START MATERIAL SHOWN
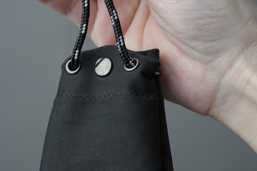 ・開閉部にプリムホックボタンがあり、巾着を閉めなくても閉じることができます
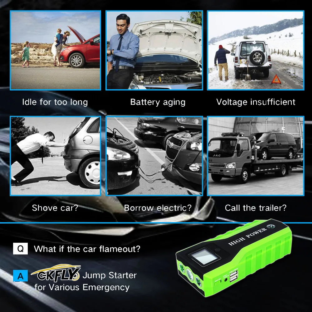 Быстрый запуск 12В бензинового автомобиля (до 4.0л) и дизельного автомобиля (до 2.5л) всего за считанные секунды, когда батарея автомобиля мертва. Когда вы путешествуете в небольшом месте, и ваш автомобильный аккумулятор не работает, вы можете использовать этот автомобильный стартер для запуска вашего автомобиля.
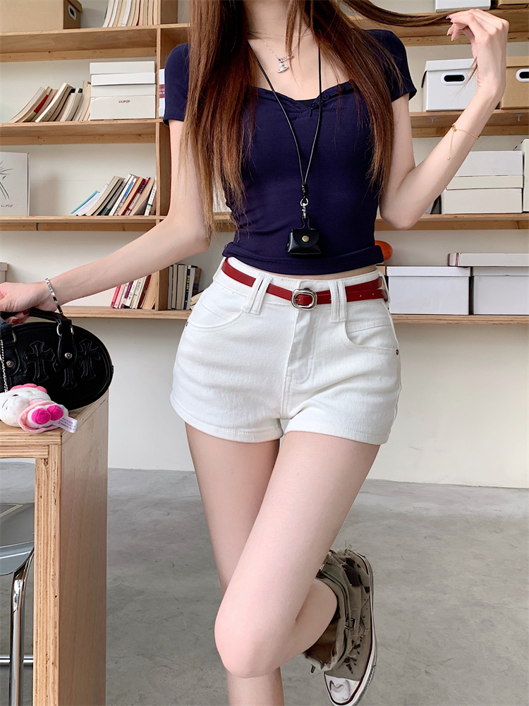실제 샷, 실제 가격 ~ 새로운 미국인 핫 팬츠, 핫 여자 데님 반바지가 높은 허리 A- 라인 슬리밍 및 다목적 꽉 반바지
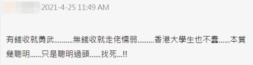 对于周竖峰自曝已离开香港,在乱港分子聚集的网络平台“连登”讨论区,有网友讽刺周竖峰:有钱收就勇武,无钱收就走佬懦弱,香港大学生也不蠢,本质几聪明,只是聪明过头,找死!↓
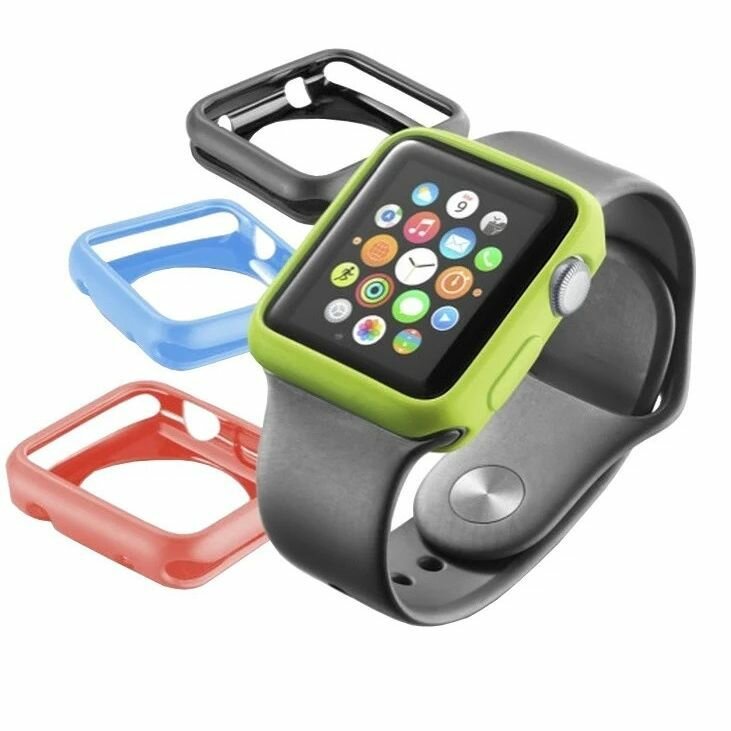 Набор клип-кейсов Cellular Line для Apple Watch 4 в 1 состоит из четырех разноцветных чехлов. Кроме них в комплект поставки входит защитная пленка, которая предотвращает повреждение дисплея, но не искажает изображение на нем.· Качественный материал. Аксессуары изготовлены из эластичного силикона. Этот материал выдерживает большие нагрузки и поглощает энергию ударов. Он защищает "умные" часы от повреждений при падениях и контактах с острыми предметами.· Полный доступ. Чехлы не мешают пользоваться биометрическими датчиками, клавишей и колесиком настройки. В их поверхности предусмотрены специальные вырезы для каждого функционального элемента.· Удобство использования. Особое крепление аксессуара позволяет устанавливать его за считанные секунды, не используя никаких инструментов.
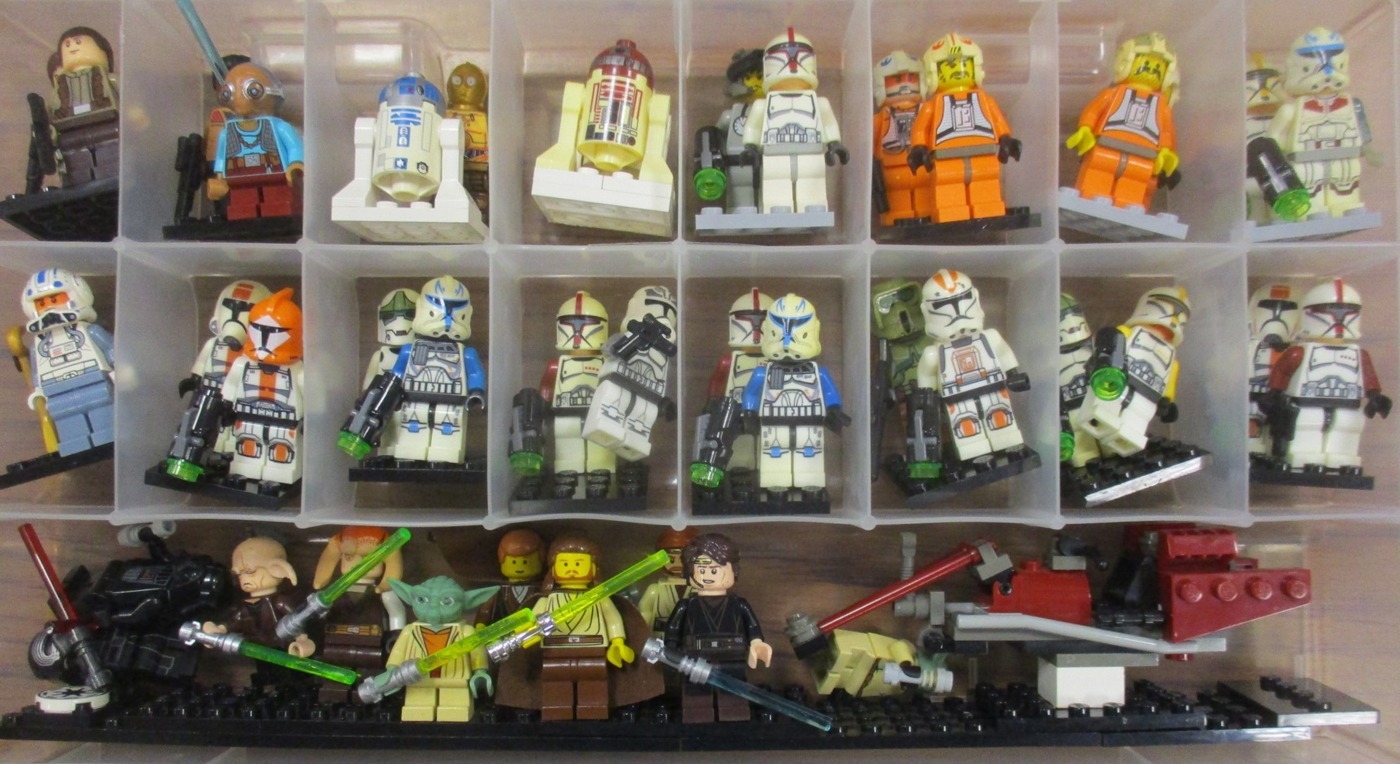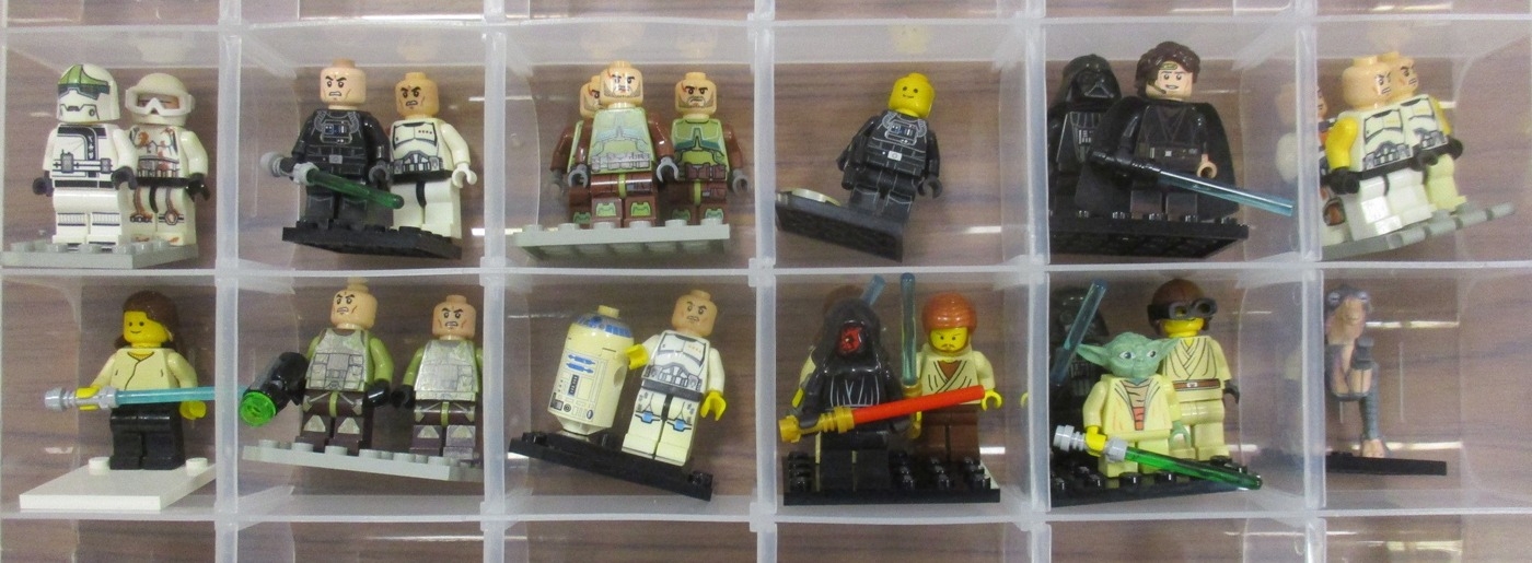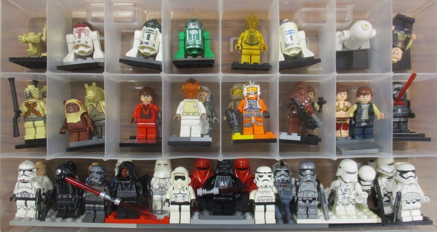 Star Wars. Lego. Collection of minifigures in clear plastic cases, generally near mint to mint, includes ranges of Prequel Trilogy, Original Trilogy, Sequel Trilogy, etc. Qty 100+ (½B)
END MATERIAL SHOWN
ABOUT THIS EXERCISE | Only the lines of the listing above from the one with "실제 샷, 실제 가격" through the one with "对于周竖峰自曝已离开香港,在" should be output, exactly, with both ends kept and pictures left out.

PROBLEM SOLUTION |
실제 샷, 실제 가격 ~ 새로운 미국인 핫 팬츠, 핫 여자 데님 반바지가 높은 허리 A- 라인 슬리밍 및 다목적 꽉 반바지
 对于周竖峰自曝已离开香港,在乱港分子聚集的网络平台“连登”讨论区,有网友讽刺周竖峰:有钱收就勇武,无钱收就走佬懦弱,香港大学生也不蠢,本质几聪明,只是聪明过头,找死!↓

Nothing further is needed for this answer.